Daily precipitation at the two sites is low in summer (mean 0.51 ± 0.9 mm and 0.71 ± 1.2 mm at the sagebrush and aspen sites, respectively) and high in winter (mean 1.8 ± 1.5 mm and 2.5 ± 1.5 mm), spring (mean 1.6 ± 1.3 mm and 2.4 ± 1.6 mm), and autumn (mean 0.9 ± 1.4 mm and 1.4 ± 1.5 mm). The highest precipitation occurs during the winter. The precipitation at the aspen site is relatively higher than at the sagebrush site in winter, spring, summer and autumn.

The two sites show a wide range of mean daily air temperature (18.7 °C to −4.0 °C, 20.4 °C to −5.7 °C) at the sagebrush and aspen sites respectively based on the long-term data. The mean temperature at the aspen site is higher than at the sagebrush site in summer (15.0 ± 4.3 °C and 13.9 ± 3.5 °C, respectively), while it is lower than at the sagebrush site in spring (1.5 ± 3.2 °C and 2.7 ± 3.0 °C, respectively), autumn (6.7 ± 6.6 °C and 7.8 ± 4.6 °C) and winter (−2.4 ± 1.4 °C and 0.3 ± 1.6 °C).

The temporal variability for the downward solar radiation flux ranges from 346 W/m² to 49 W/m² and from 347 W/m² to 58 W/m² at the sagebrush and aspen sites, respectively. The aspen site, being at higher elevation, has slightly higher downward solar radiation than the sagebrush site.

The temporal soil moisture patterns are similar at the two sites. They are high in early spring and low in summer, autumn and winter. The highest soil moisture occurs in early summer and the lowest soil moisture occurs in early autumn. Specifically, temporal daily soil moisture ranges from 0.14 to 0.32, and 0.15 to 0.45 at the sagebrush and aspen sites, respectively. Soil moisture at the aspen site is higher than at the sagebrush site.

Exploring relationships between the NEE and different single factors

We explored the linear regression relationship between the daily NEE and fPAR, LAI, mean air temperature and soil moisture at the sagebrush and aspen sites. NEE has strong relationships with LAI (r² = 0.40 and r² = 0.43), mean air temperature (r² = 0.46 and r² = 0.70), and downward solar radiation (r² = 0.57 and r² = 0.65) at the two sites, respectively (Fig. 3). There is no strong linear relationship between the NEE and precipitation (r² = 0.08 and r² = 0.19), and soil moisture (r² = 0.18 and r² = 0.0011).
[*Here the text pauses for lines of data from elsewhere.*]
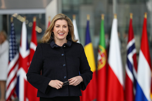 2019年6月26日,在位于比利時(shí)布魯塞爾的北約總部,時(shí)任英國國防大臣彭妮·莫當(dāng)特準(zhǔn)備出席北約國防部長會議。新華社記者張鋮攝
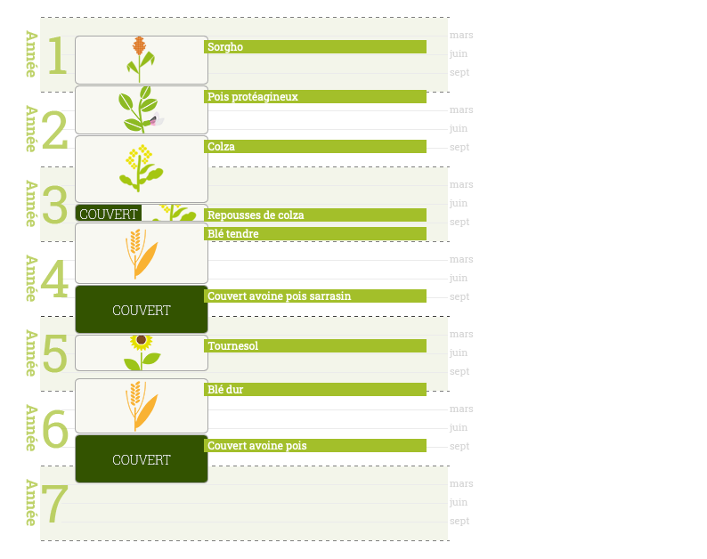 Les faibles résidus du pois limitent le développement des maladies du colza au collet. De plus, le colza valorise très bien les reliquats azotés du pois et ses repousses forment un couvert végétal apprécié des limaces. Ainsi, le blé tendre semé dans les repousses de colza est beaucoup moins prisé des limaces. Un couvert d’avoine et de pois est implanté avant tournesol. Le tournesol et le blé dur terminent cette rotation.
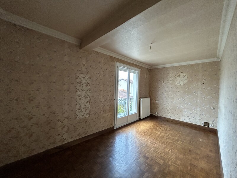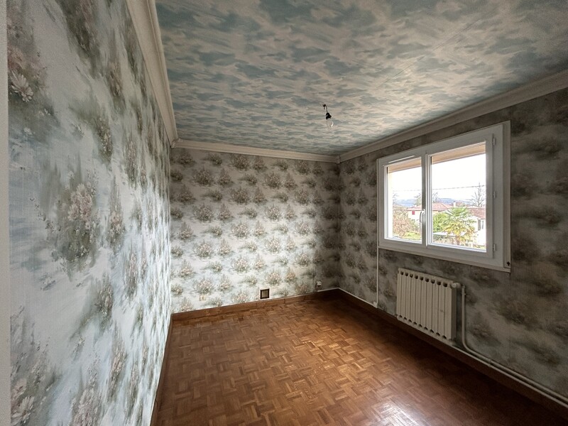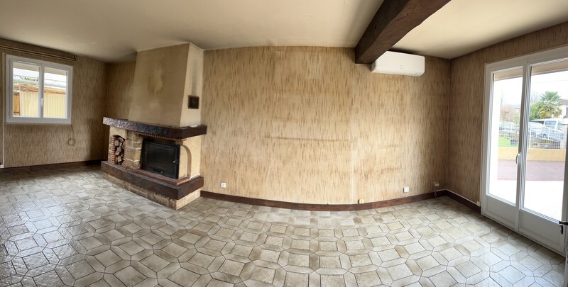 Maison dans quartier résidentiel, mitoyenne sur une face par le garage (avec le garage du voisin), composée en rez-de-chaussée d'un hall d'entrée, une cuisine meublée (bois), un séjour avec cheminée insert et climatisation réversible, un WC, un espace chaufferie (chaudière fioul avec possibilité de se raccorder au chauffage collectif de la commune, installation en place).
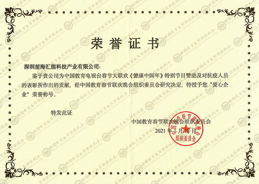 汇能科技因为在2020年抗击新冠肺炎疫情中做出积极贡献,被邀请出席中国教育电视台春节大联欢晚会,并被授予“爱心企业”荣誉称号
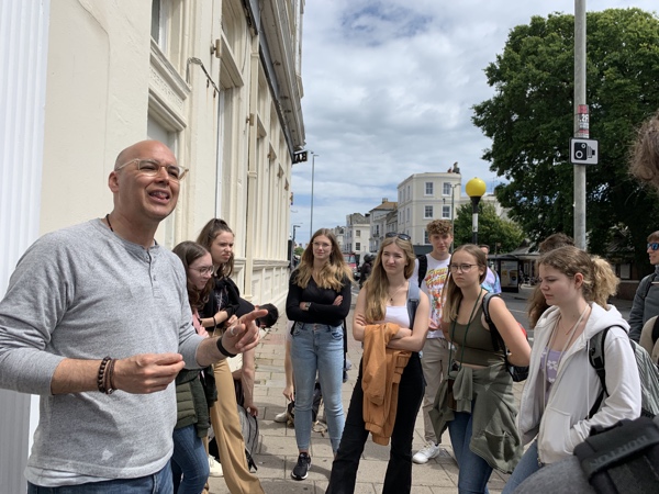 Am Flughafen erwartet uns Simon, bringt uns zum Bus und erläutert uns, wie man das Busticket für Brighton einlöst. Nach etwa 2 Stunden erreichen wir Brighton und werden in einer kleinen Strasse abgesetzt. Jetzt kommt der noch spannendere Teil … wie werden die Gastfamilien sein? Einige werden direkt von den Gasteltern abgeholt, andere mit dem Taxi zu den Gastfamilien gebracht, die Stimmung ist gut, die ersten Eindrücke positiv.
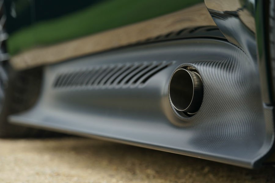 To αμάξωμα είναι βαμμένο στο παραδοσιακό Pentland Green χρώμα και αποτελείται από ανθρακονήματα. Οι αεροδυναμικές επιταγές καλύπτονται με το splitter εμπρός, τα side ports -παρμένα κατευθείαν από την Vulcan- και τον διαχύτη πίσω, που προσφέρουν 842 Nm κάθετης δύναμης στα 160 χλμ./ώρα. Συγκριτικά, η αγωνιστική Vantage GT4 παράγει μόλις 542 Nm downforce στην ίδια ταχύτητα.
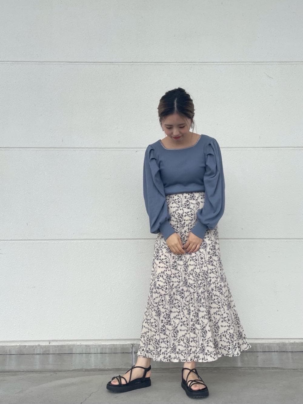 パイピングがアクセントのかわいいカットソーに花柄のスカートできれいめのコーデにしてみました♪ 肌寒い日にちょうどいいお洋服です(^ω^)
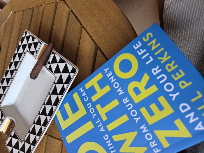 The scene depicts an elevated view of leisure items arranged on a slatted wooden table, consistent with an outdoor setting in Stara Zagora, Bulgaria. A white rectangular porcelain ashtray with a black and white geometric triangular pattern borders its perimeter and features a single gold-toned cigar rest. Within this rest, a partially consumed, dark brown cigar is placed. Below and to the left of the ashtray, a book with a bright blue cover and prominent yellow lettering, titled "DIE WITH ZERO" by Bill Perkins, lies flat. A portion of grey, possibly striped or textured, fabric is visible in the lower right quadrant, indicating the presence of a seated individual, with the book likely resting on their lap. No individuals are directly visible.
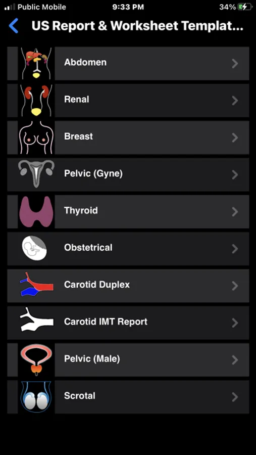 3. Standard templates for ultrasound exams (abdomen, obstetrical, renal, gyne, male pelvis, thyroid, breast, carotid, CIMT and scrotum)
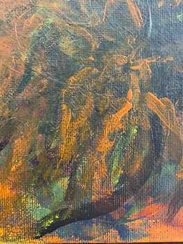 Realizzato in Portogallo nel tardo autunno del 2025, Remains of Sun è un dipinto astratto profondamente emotivo ispirato a un girasole ormai sbocciato da tempo, che cattura non una fine, ma una trasformazione. Blu profondi e verdi tenui creano un paesaggio silenzioso e contemplativo, mentre arance bruciate e gialli sbiaditi affiorano come l'ultimo calore del sole trattenuto nella memoria. Strati spessi e tattili e pennellate grezze e istintive conferiscono… all'opera una potente presenza fisica, preservando la tensione tra vita e scomparsa, calore e perdita. Questo dipinto parla di ciò che rimane dopo il culmine, della bellezza che permane cambiando forma, offrendo ai collezionisti un'opera sorprendente ed emotivamente risonante, intima, onesta e silenziosamente potente.

Figure 3 suggests some linear relationships between the NEE and the parameters described above. However, simply using one or two parameters based on a linear regression relationship cannot reflect the real temporal pattern of the NEE. There may be some non-linear information included in these parameters. Therefore, it is important to explore non-linear methods, such as Random Forest models, to pursue more accurate simulation results for the NEE.

Validation of results

Overall, the agreement between the simulation and observation data is good for the training dataset (r² = 0.87) (Fig. 4). The mean simulation NEE (−0.24 ± 0.70 mg C/m² day⁻¹) is similar to the mean observed data (−0.24 ± 0.54 mg C/m² day⁻¹). The simulation data are from −2.80 mg C/m² day⁻¹ to 0.66 mg C/m² day⁻¹, while the observed data are from −4.8 mg C/m² day⁻¹ to 1.6 mg C/m² day⁻¹. The RF model also shows that the three most important factors are LAI, downward solar radiation and soil moisture (Table 1).
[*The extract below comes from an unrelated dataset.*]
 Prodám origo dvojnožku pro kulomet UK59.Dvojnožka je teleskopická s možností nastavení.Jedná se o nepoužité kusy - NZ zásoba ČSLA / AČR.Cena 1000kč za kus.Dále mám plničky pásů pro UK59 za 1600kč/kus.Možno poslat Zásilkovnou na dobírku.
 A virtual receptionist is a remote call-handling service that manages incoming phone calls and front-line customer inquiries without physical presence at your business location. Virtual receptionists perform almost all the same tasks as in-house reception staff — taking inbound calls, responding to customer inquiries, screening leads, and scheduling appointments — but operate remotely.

Table 1 Importance of daily meteorological variables in predicting net ecosystem exchange (NEE) based on the Random Forest (RF) model.

Full size table

We validated the simulation results at the two sites with ground based measurements between 2008 and 2009 not used in the training dataset (Fig. 5). Generally, the simulation data captured the daily NEE pattern for these two years. The simulation data match well with the observed data. NEE is relatively stable in spring, and starts decreasing in late spring and summer. Then NEE increases in the mid-summer and autumn. In late autumn and winter, NEE does not change. In summer, the model under-predicts the observed data, which is shown in Fig. 4. We also evaluate the error matrices (RMSE, Bias, and MAE) for all the possible combination (n = 63) using the model. RMSE, Bias and MAE range from 0.36–0.98 mg C/m² day⁻¹, −0.007–0.002 mg C/m² day⁻¹ and 0.26–0.73 mg C/m² day⁻¹ respectively (Fig. 6). Peak values for the three matrices occurred in the same time period.

Discussion

As mentioned earlier, NEE has significant linear relationships with LAI, fPAR, air temperature and downward solar radiation (Fig. 3). Based on the study of Williams and Rastetter²⁸ on arctic terrestrial ecosystems, NEE is correlated with LAI and the correlation can help constrain model parameters. This is consistent with our study in the RCEW. LAI data can reflect the characteristics of the land surface. fPAR and LAI deduced from MODIS are relatively low compared with the observed data from the RCEW (Fig. 2), which is attributed to errors from MODIS products and field experiments. Some studies have shown that the retrieved LAI from MODIS products are always underestimated due to MODIS LAI algorithm. The underestimation error becomes larger as spatial resolution decreases or heterogeneity increases²⁹.

It is commonly known that NEE has a strong relationship with mean air temperature and light, which are widely used for NEE gap filling methods. Gilmanov et al.¹⁰ showed that a semi-empirical model based on a light-temperature response can provide good predictability for estimating photosynthesis and respiration. Some other studies argued that this light-temperature response model may not be applicable for some water-stressed ecosystems like semi-arid environments, as shown by Kwon et al.³⁰ for south central Wyoming. However, our study is consistent with the results reported by Gilmanov et al.¹⁰. The ground-based downward solar radiation measurements are strongly related to the light conditions.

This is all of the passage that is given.